「Wing」-24
「ほれ」
いきなり少年に放り投げる。
「え?」
少年は全く訳が分からないといった顔で、それを受け取る。
「大事に使えよ?」
ハンクが満面の笑みで言う。
「これって仕事で作ったんじゃ……」
「仕事? ああ、そんなの嘘だよ」
初めっからお前に渡すつもりだったんだ、と続けるハンク。
「じゃあ……これも付けていい?」
首の宝石を外して少年は言う。
「それはもうお前の物だからな。お前の好きなようにしな」
その言葉をうけ、少年は彫刻刀で先程石をはめ込んだのと反対側の柄に自分のと同じような菱形の穴を彫り、緑の宝石をはめ込む。
「うんそっちの方がいいな。さっきも言ったけど大切にしろよ?」
言葉の代わりに、頭を大きく振って感謝の意を表す。剣を持ったまま何処かへ走り去る少年。
小川のせせらぎが耳に心地良い。此処は町外れの土手。少年は刃渡り三十センチ程の短剣を持って寝そべっていた。月明かりにかざすと光を反射するその姿は、何処か神秘的で、何故か幻想的で、輝く二つの宝石に瞳が吸い込まれて行くような気がした。
その夜はそこで一晩を明かした。瞬く多くの星々と白銀に輝く月と煌めく一振りの刀身の下で。
道端に腰を下ろし、寛ぐ様子の少年。時刻は昼頃。少年はこの頃体調を崩しがちなハンクに代わり、頼まれていた槍の配達で城へ向かっていた。荷台に積まれた槍、その数丁度百本。一本一本はそれほど重くなくても、百本ともなるとさすがにかなり重くなる。従って、朝からのんびりゆっくり、城までの道程を進んでいる途中だったわけだ。

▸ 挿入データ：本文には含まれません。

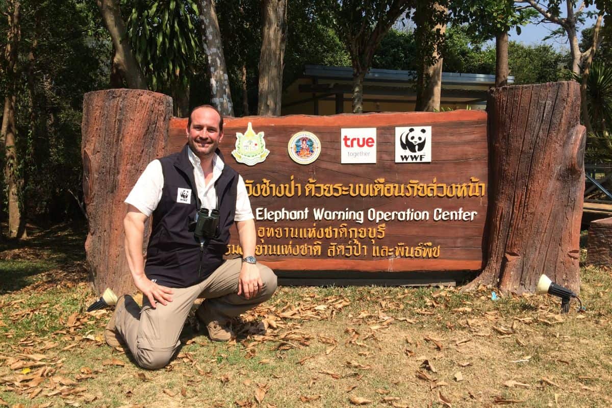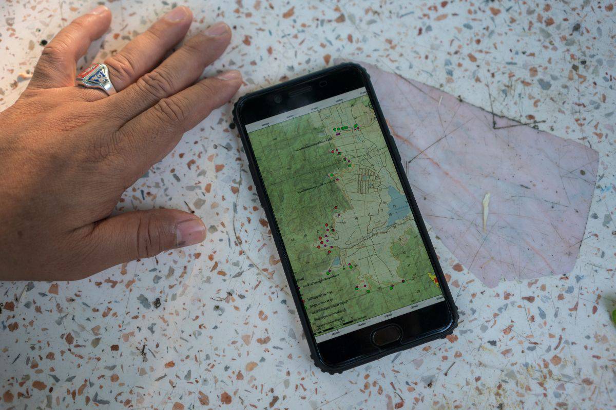 Naret Sueaturien, Leiter der Abteilung Forschung und Wildtierüberwachung des WWF Thailand, zeigt eine Karte mit den Standorten der Fotofallen im Kui Buri Nationalpark, Prachuap Khiri Khan,...

少しの休憩の後、立ち上がって尻に付いた土を払う。軽く伸びをして、再び歩き出そうと荷台に手を掛けた時、少年の来た道の遥か後方で駆けてくる者が一人。近付いて来る彼を少年は知らなかった。
「お〜い! あんた鍛冶屋のとこの子だろ!?」
大声で近寄るその男。
「そうですけど。何か?」
「ハンクさん、急に倒れたってよ!」
息を切らせ、膝に手を着きながら用を伝える。
少年は返事も返さず、もと来た道を走り出す。荷台に積まれたままの槍達。それらも放って、少年は走った。
「おじさん!」
鍛冶場に飛び込み、呼び掛ける。が、返事が無い。あるのは静寂と少年の呼吸音だけ。部屋の奥の方で人の気配。少年は走る。
ドアを開け、中を確認する。少年ベッドに横たわるハンクとその周りを囲む数人の人。
「おじさん?」
忌まわしい記憶頭の中でがフラッシュバックする。
「……おじさん?」
再度呼び掛けるがそれでも返答は無かった。周りの人々は皆俯いて、口に手を当て押し黙っている。
「……ハンクさん、ずっと胸を患っててな……ホントに急に倒れたんだ……それでそのまま……」
誰かが何か言っても少年の耳に入る事はなかった。ただ呆然と立ち尽くしている。